McKinsey: How has COVID-19 changed the industry in terms of diversity?

Kweilin Ellingrud: So much is different now: the talent market, working norms, the pace of change, digital adoption, awareness of and need for insurance, interest rates, and more. It feels like a different environment than it was three years ago. Norms that may have taken decades to change have changed dramatically. In terms of diversity in the workplace, I think a few key things are different. Women are leaving their companies at the highest rate in years: for every one woman director who is promoted, two are leaving. There are still 500,000 fewer women in the US workforce compared to three years ago. So companies are having a hard time retaining the diversity they have built up.

Moreover, employees expect more in terms of a sense of purpose—here, insurance companies have a natural advantage—quality of culture and colleagues, and flexibility. Flexibility is now imperative: 90 percent of women want to work in a hybrid or remote way, and only 7 percent of companies plan to pull back on flexible work options in the next year. Companies have placed more of an emphasis on creating hybrid work environments, but managers need to prepare as well.
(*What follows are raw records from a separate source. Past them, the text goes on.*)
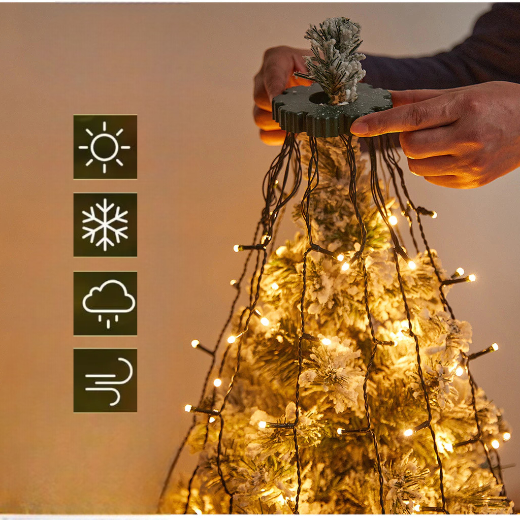 O companheiro perfeito para sua árvore de Natal: As luzes são a prova d'água e especialmente projetadas de acordo com o formato da árvore de Natal, diferentes das luzes de corda de Natal antigas, que precisam ser continuamente enroladas e colocadas. A nossa Instalação é rapida, em menos de 1 minuto.
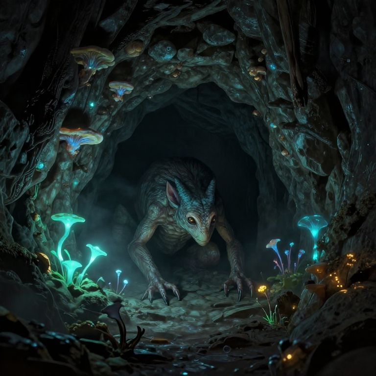 Grotter creature dwelling in a dark subterranean grotto, bioluminescent plants and fungi illuminating rough stone walls, misty atmosphere with shadows and eerie glow, detailed fantasy art style, moody and immersive.
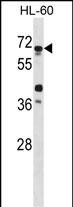 APG4D Antibody (L235) (Cat. #P30102) western blot analysis in HL-60 cell line lysates (35ug/lane).This demonstrates the APG4D antibody detected the APG4D protein (arrow). |
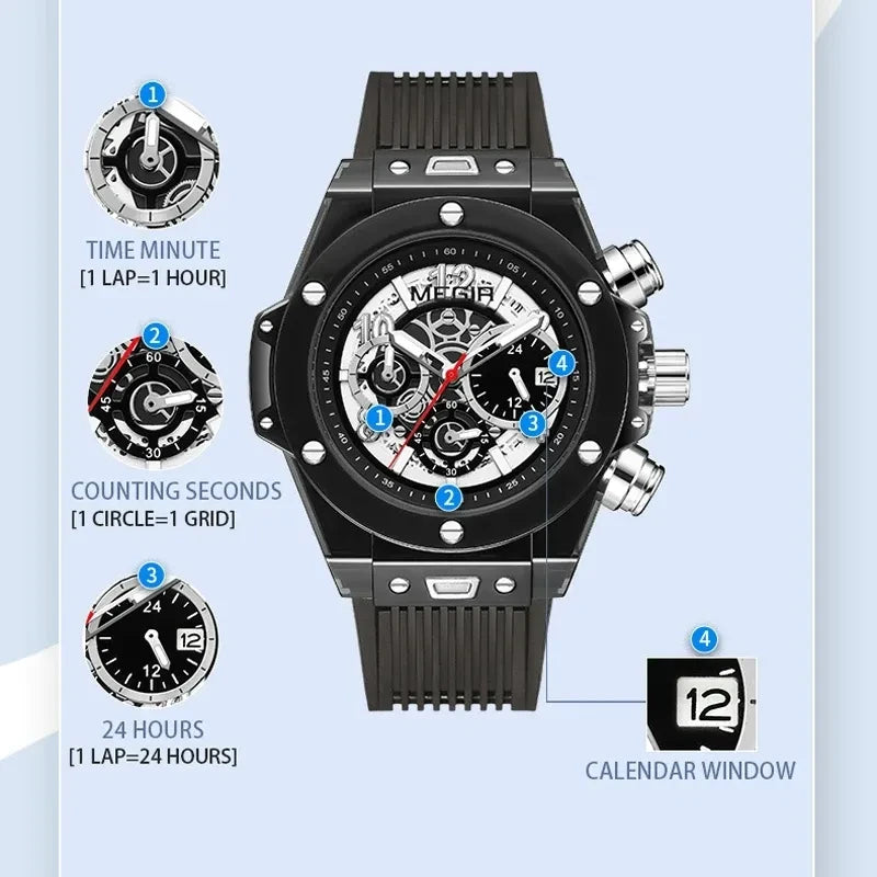 Megir M-20013 Chronograph Quartz White Silicone Strap Men’s watch
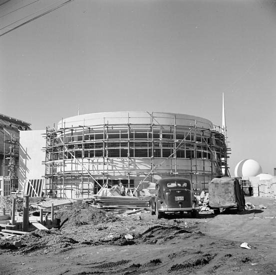 [Construction of Electrical Products building with frame of Trylon in background, New York World's Fair site.]
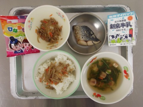 献立は、ごはん、すまし汁、さわらの風味焼き、セルフきんぴらちらし、ひなあられ、牛乳です。
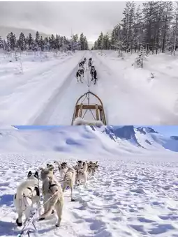 Here, a dog sled is a sled with two people, pulled by five sled dogs. Some are pulled by seven sled dogs! Dog sledding is a team sport, and these dogs need to be specially trained for 1-2 years, or even 3-5 years, to be qualified!
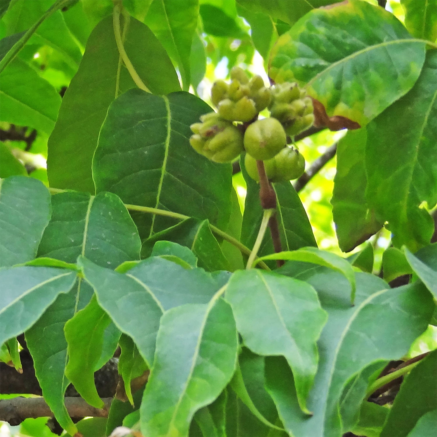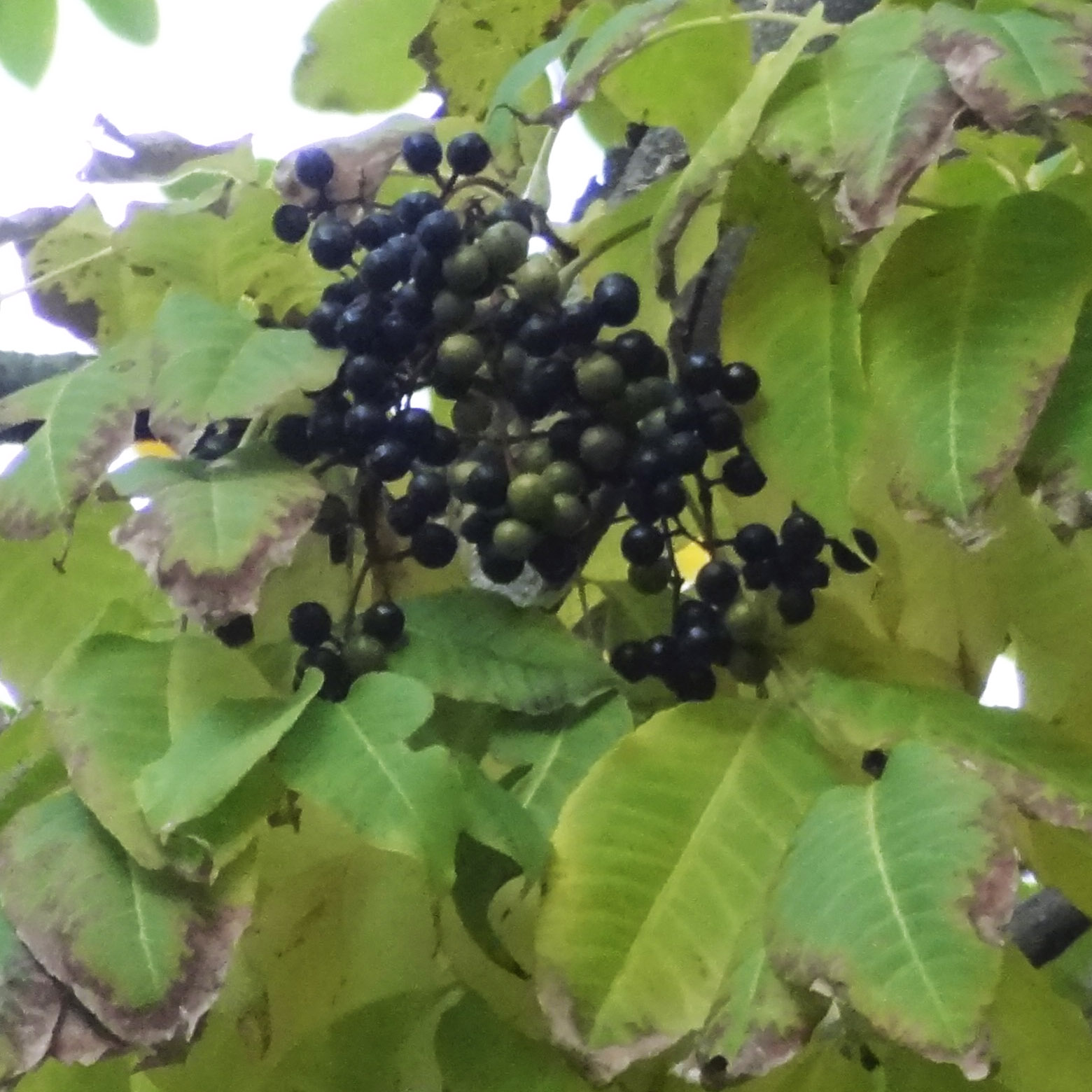 Les grappes pendantes de fruits peuvent rester sur l'arbre jusqu'en décembre.
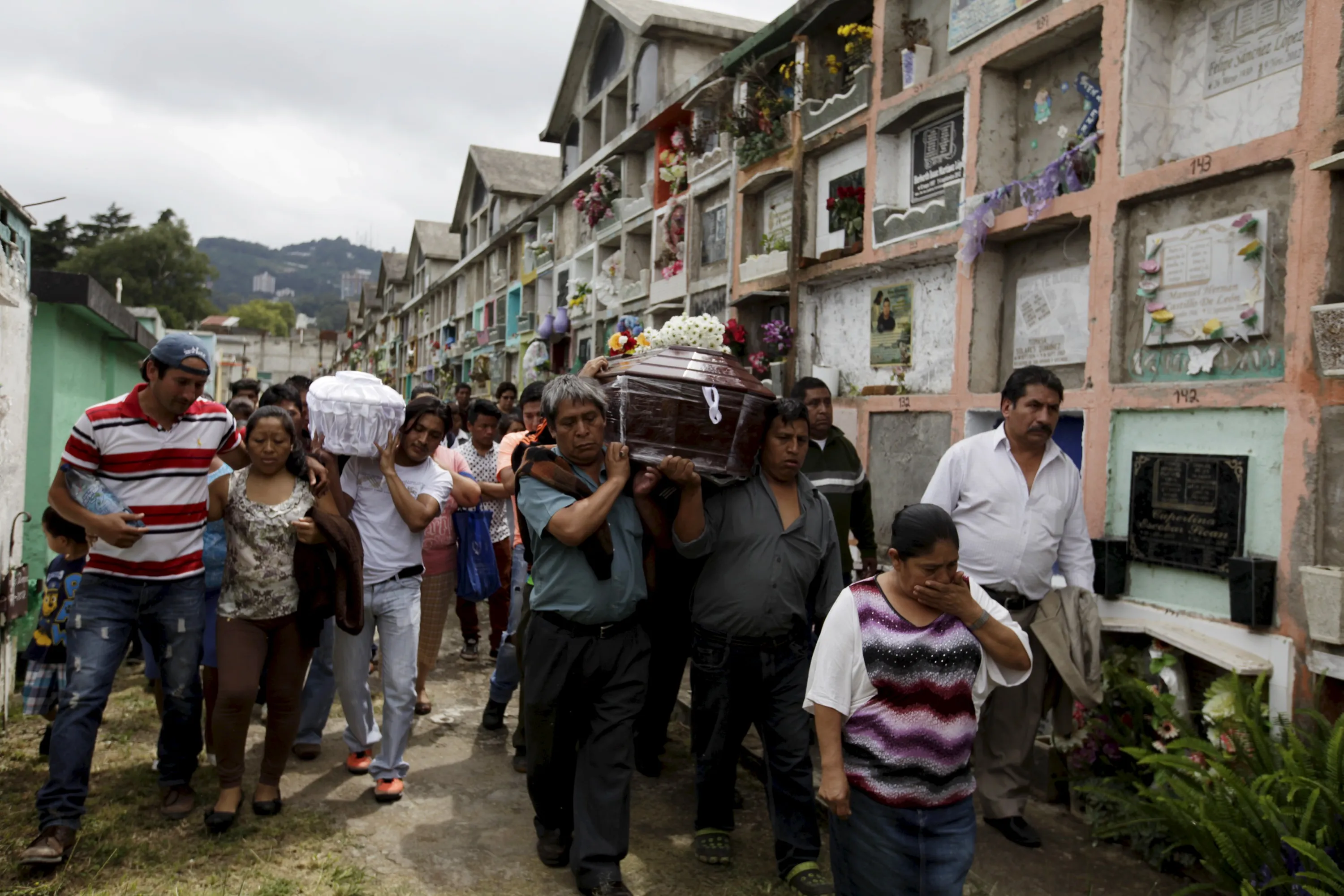 Relatives attend the funeral of two victims of a mudslide in Santa Catarina Pinula, on the outskirts of Guatemala City, October 3, 2015. Rescue workers scrabbled through earth and rubble on Saturday in search of survivors of a massive landslide in Guatemala that killed at least 48 people, even as hopes began to fade for hundreds of others still missing. (Photo by Jose Cabezas/Reuters)

About eight out of ten companies expect managers to promote well-being, but less than half of companies train managers on minimizing burnout.

More broadly, the line between work and personal life has blurred. As women juggle more at work and at home, it’s been more challenging for them to stay in the workforce over the past three years. COVID has created a career gap for more women than men, and to ensure that it does not permanently set women back, insurance companies can attract and retain more women, especially women of color, into their workforces over the next year or two to accelerate diversity.


Kweilin Ellingrud is an MGI director and a senior partner in McKinsey’s Shanghai office.